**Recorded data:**

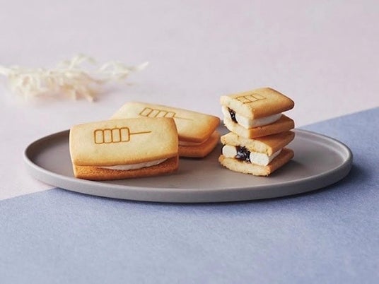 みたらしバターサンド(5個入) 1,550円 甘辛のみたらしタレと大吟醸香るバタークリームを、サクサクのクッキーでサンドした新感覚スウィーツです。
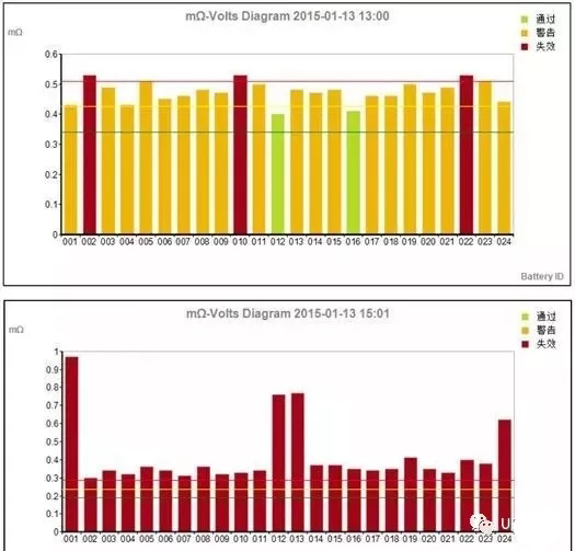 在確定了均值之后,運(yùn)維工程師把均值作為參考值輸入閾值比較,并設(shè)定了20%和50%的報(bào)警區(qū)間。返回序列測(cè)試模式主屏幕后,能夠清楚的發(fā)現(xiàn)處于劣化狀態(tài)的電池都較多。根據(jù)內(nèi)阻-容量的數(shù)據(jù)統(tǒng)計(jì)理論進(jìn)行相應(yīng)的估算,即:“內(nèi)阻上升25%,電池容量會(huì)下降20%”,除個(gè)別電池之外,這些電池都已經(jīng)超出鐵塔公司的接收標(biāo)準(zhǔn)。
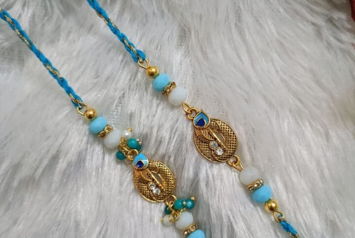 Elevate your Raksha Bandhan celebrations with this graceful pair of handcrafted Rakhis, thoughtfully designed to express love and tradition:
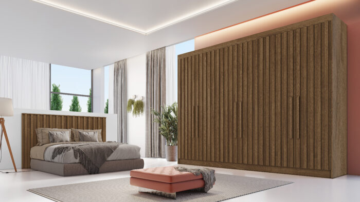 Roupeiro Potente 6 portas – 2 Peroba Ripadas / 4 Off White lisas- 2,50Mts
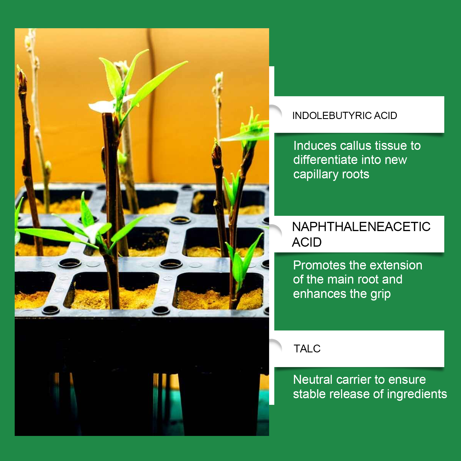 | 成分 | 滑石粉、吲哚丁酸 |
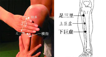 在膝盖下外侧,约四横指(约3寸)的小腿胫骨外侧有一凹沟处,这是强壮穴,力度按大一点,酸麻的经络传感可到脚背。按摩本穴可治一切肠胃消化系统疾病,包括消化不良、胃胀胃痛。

**EXERCISE DIRECTIONS:** Please output every entry above exactly, without the pictures.

**EXERCISE OUTPUT:**
 みたらしバターサンド(5個入) 1,550円 甘辛のみたらしタレと大吟醸香るバタークリームを、サクサクのクッキーでサンドした新感覚スウィーツです。
 在確定了均值之后,運(yùn)維工程師把均值作為參考值輸入閾值比較,并設(shè)定了20%和50%的報(bào)警區(qū)間。返回序列測(cè)試模式主屏幕后,能夠清楚的發(fā)現(xiàn)處于劣化狀態(tài)的電池都較多。根據(jù)內(nèi)阻-容量的數(shù)據(jù)統(tǒng)計(jì)理論進(jìn)行相應(yīng)的估算,即:“內(nèi)阻上升25%,電池容量會(huì)下降20%”,除個(gè)別電池之外,這些電池都已經(jīng)超出鐵塔公司的接收標(biāo)準(zhǔn)。
 Elevate your Raksha Bandhan celebrations with this graceful pair of handcrafted Rakhis, thoughtfully designed to express love and tradition:
 Roupeiro Potente 6 portas – 2 Peroba Ripadas / 4 Off White lisas- 2,50Mts
 | 成分 | 滑石粉、吲哚丁酸 |
 在膝盖下外侧,约四横指(约3寸)的小腿胫骨外侧有一凹沟处,这是强壮穴,力度按大一点,酸麻的经络传感可到脚背。按摩本穴可治一切肠胃消化系统疾病,包括消化不良、胃胀胃痛。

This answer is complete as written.